I think it's very important for developers building and using systems like this to understand
and appreciate what the right principles are.
One, so they can choose the right technologies to work with or the appropriate technologies
for the problems that they're solving.
But one of the things we maybe struggle with, and I appreciate you pushing a little bit
on this, is to what extent should we encapsulate and hide the complexity versus unwrap and
show the complexity?
So one of the big advantages of Materialize is you don't have to know, you just write SQL,
but there's a sort of inherent tension where,
you know, actually, A, everyone is interested
and definitely wants to know,
and B, maybe understanding will get you
the right intuitions for what computations
you can even execute
and how to go about choosing the right architecture
to build which systems you can incorporate
and not incorporate in your architecture.
Absolutely. I totally agree.
So, Arjun, you mentioned that by incorporating
this new timely data flow processing model,
Materialize achieves to be very performant
compared to the rest of the solutions out there
for streaming processing.
What kind of resources someone who wants to start using it today
should consider about setting up the open source version of Materialize?
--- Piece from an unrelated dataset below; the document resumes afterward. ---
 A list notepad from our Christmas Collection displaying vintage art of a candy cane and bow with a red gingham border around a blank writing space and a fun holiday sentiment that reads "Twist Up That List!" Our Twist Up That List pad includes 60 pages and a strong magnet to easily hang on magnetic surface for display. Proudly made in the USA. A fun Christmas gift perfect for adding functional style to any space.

So we aim to make Materialize very simple to use.
So you go to our website or our GitHub, you click the download button,
and you can run this on a single node.
You can scale up this node to, to, to handle.
In fact, in fact, if you, if you get the, the large, the larger sized, uh, VM
and you run materialize on it, you can ingest millions of messages,
a million messages a second.
You can, you can install dozens of views and so on before even needing to consider
whether you need a multi-machine setup as part of
making it easy to graduate beyond this.
In fact, you know, you will be very productive on a single node database.
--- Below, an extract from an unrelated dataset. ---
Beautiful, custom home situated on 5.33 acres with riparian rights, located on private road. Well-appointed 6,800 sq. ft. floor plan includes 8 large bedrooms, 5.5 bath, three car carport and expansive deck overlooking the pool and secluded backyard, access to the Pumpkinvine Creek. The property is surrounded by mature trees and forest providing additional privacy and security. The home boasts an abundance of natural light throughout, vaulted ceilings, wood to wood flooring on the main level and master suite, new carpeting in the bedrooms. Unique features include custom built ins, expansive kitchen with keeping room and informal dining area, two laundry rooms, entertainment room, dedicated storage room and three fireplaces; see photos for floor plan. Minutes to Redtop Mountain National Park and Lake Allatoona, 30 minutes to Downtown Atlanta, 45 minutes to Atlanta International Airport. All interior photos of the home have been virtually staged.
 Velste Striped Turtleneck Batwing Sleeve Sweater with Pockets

We really go to great lengths to make it as easy to use as a database, right?
So you run it on a single node, you connect to it using a SQL shell or a SQL driver in
your language.
The lived experience is very much like Postgres, right?
Like this is how most people run Postgres is they run brew install Postgres or app get
install Postgres and they run it and then it's living in a VM by itself in a cloud for
years of uptime.
So that's really the easiest way to get started.
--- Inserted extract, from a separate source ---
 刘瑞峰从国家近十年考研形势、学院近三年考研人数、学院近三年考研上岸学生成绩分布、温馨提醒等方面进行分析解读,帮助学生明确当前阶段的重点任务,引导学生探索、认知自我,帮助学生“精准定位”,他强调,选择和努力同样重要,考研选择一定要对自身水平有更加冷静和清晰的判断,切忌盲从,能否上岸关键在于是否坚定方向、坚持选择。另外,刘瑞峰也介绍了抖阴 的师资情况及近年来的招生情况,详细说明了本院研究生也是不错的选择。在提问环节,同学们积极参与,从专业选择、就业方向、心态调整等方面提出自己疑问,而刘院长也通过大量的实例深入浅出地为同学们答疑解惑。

We are building a cloud service, which we are launching publicly next month, which allows
folks to get even more advanced features.
So some of the features that we will be shipping in our cloud product is horizontal scalability,
where you have these very, very large data volumes, well north of a million messages per second, for instance.
And you do need multiple machines in a horizontally scaled setup to absorb that data volume.
And then two for having replication, right?
So if you have extremely high availability needs,
you're going to want multiple servers set up in an automatic failover capacity.
And that's something that our cloud product will,
not next month, but down the road, also support.
That's great.
And I'm very excited to hear that you are launching
a cloud version of the product.
And I want to ask you more about this. But before we go there, because we are going to spend some
time on it, I have a question that I don't want to forget to ask. And that's about, you mentioned
at some point that Timely Dataflow is implemented in Rust. So how did you decide to use Rust?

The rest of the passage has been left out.